▶ **Supplied material**:
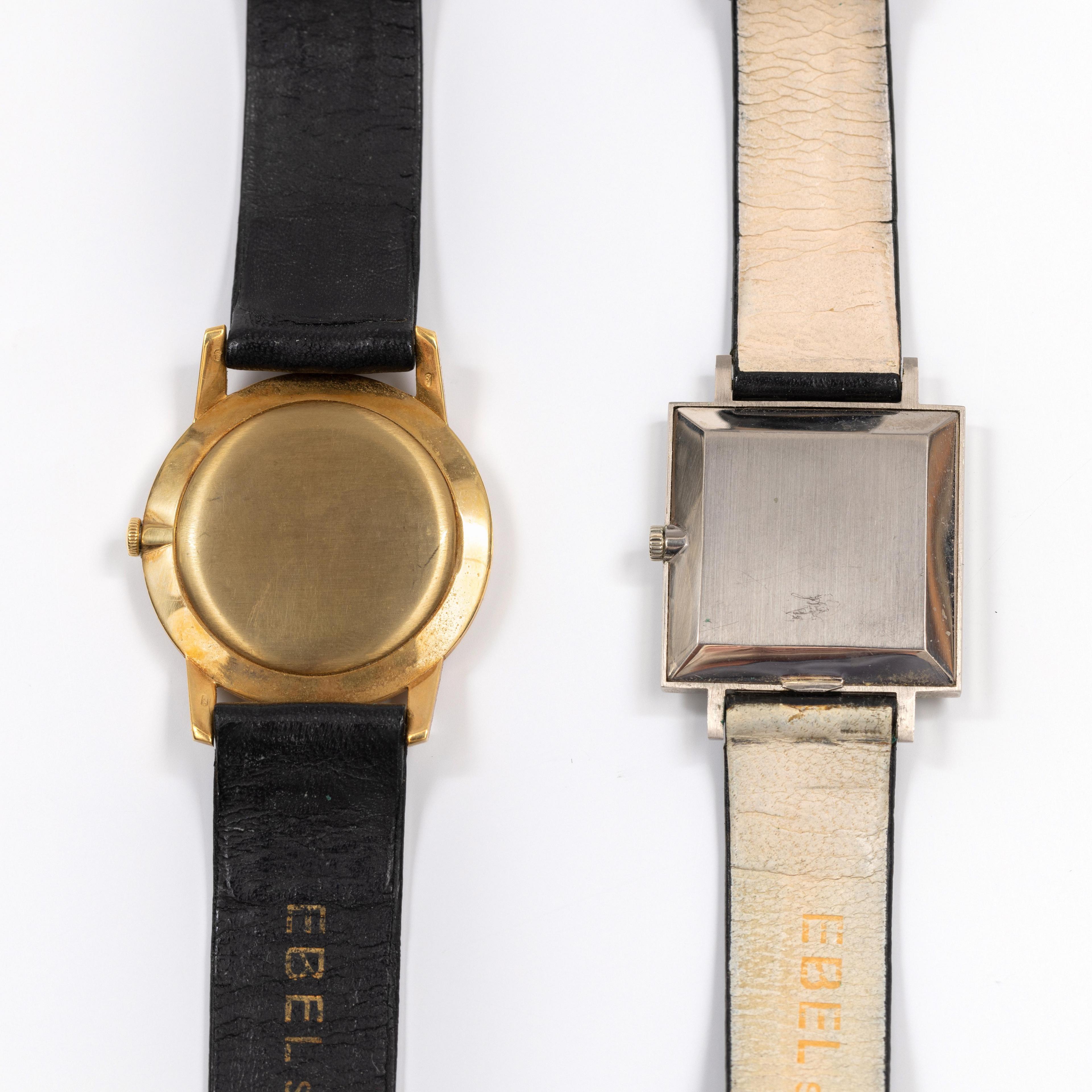 Handopwind. Eén in geelgoud met ronde goudkleurige wijzerplaat, met batons op de uren, aan een zwart lederen originele band met doublé sluiting. De ander in witgoud met vierkante zilverkleurige wijzerplaat, batons op de uren en zwart lederen originele band aan stalen sluiting. Met één doos
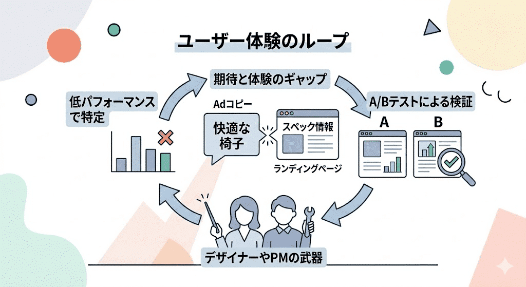 ROASは、広告運用者だけの指標ではない。デザイナーやプロダクトマネージャーがユーザー体験を改善するプロセスにおいても、強力な武器となる。具体的な実践フローは以下の通りである。
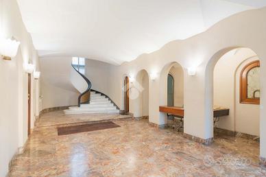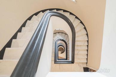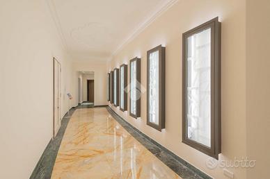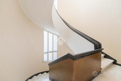 Vi è una galleria che consente l'accesso all'immobile in vendita, elegantemente impreziosita dalle vetrate di Del Debbio, collocate tra pannelli con illuminazione ottenuta tramite strip led arretrate rispetto alle vetrate.

▶ **What you are asked to do**:
Retype the data exactly; images stay out.

▶ **Solution for this exercise**:
 Handopwind. Eén in geelgoud met ronde goudkleurige wijzerplaat, met batons op de uren, aan een zwart lederen originele band met doublé sluiting. De ander in witgoud met vierkante zilverkleurige wijzerplaat, batons op de uren en zwart lederen originele band aan stalen sluiting. Met één doos
 ROASは、広告運用者だけの指標ではない。デザイナーやプロダクトマネージャーがユーザー体験を改善するプロセスにおいても、強力な武器となる。具体的な実践フローは以下の通りである。
 Vi è una galleria che consente l'accesso all'immobile in vendita, elegantemente impreziosita dalle vetrate di Del Debbio, collocate tra pannelli con illuminazione ottenuta tramite strip led arretrate rispetto alle vetrate.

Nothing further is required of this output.